**Prompt**
Would you give the listing again exactly as written, minus its pictures?

**Dataset section**
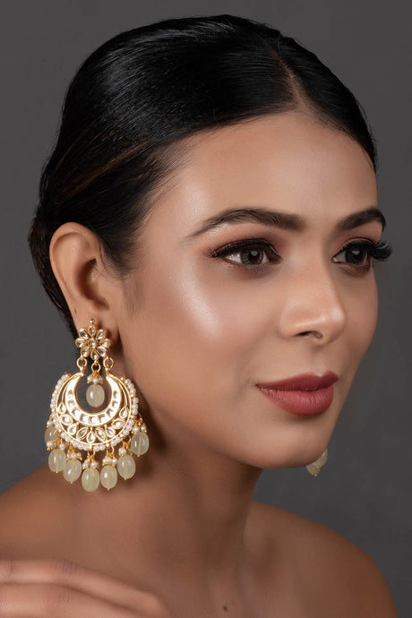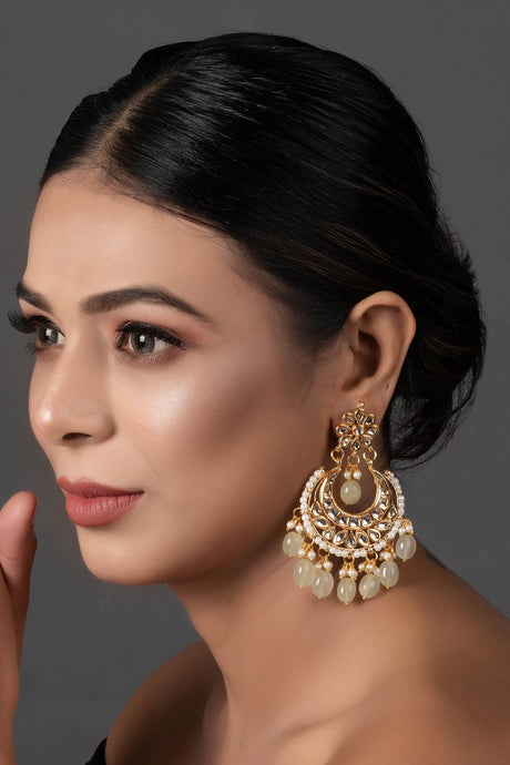 Women's Sterling Silver Kundan Chandbali Earring In White
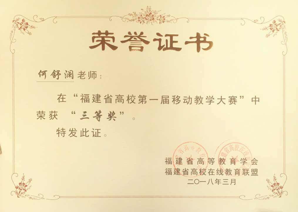 喜报--我系何舒澜老师获福建省高校第一届移动教学大赛三等奖
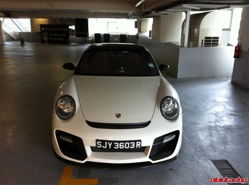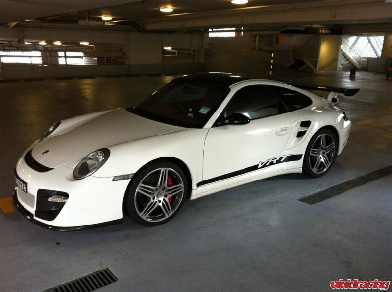 Check out these pictures from our customer Derrick in Singapore of his Porsche 997 Turbo. Derrick is using the Vorsteiner VRT front bumper and rear spoiler on his white Porsche 911. The front bumper made from Vorsteiners DVWP process includes a carbon fiber wrap around lip spoiler and carbon fiber radiator ducts. The rear wing is a complete decklid replacement with a carbon fiber blade and side air intakes. The decklid also has carbon fiber top air inlets under the wing blade to give the stock air intake maximum cooling. Next up on Derricks list is the Vorsteiner rear bumper and some wheels!

**Written response**
 Women's Sterling Silver Kundan Chandbali Earring In White
 喜报--我系何舒澜老师获福建省高校第一届移动教学大赛三等奖
 Check out these pictures from our customer Derrick in Singapore of his Porsche 997 Turbo. Derrick is using the Vorsteiner VRT front bumper and rear spoiler on his white Porsche 911. The front bumper made from Vorsteiners DVWP process includes a carbon fiber wrap around lip spoiler and carbon fiber radiator ducts. The rear wing is a complete decklid replacement with a carbon fiber blade and side air intakes. The decklid also has carbon fiber top air inlets under the wing blade to give the stock air intake maximum cooling. Next up on Derricks list is the Vorsteiner rear bumper and some wheels!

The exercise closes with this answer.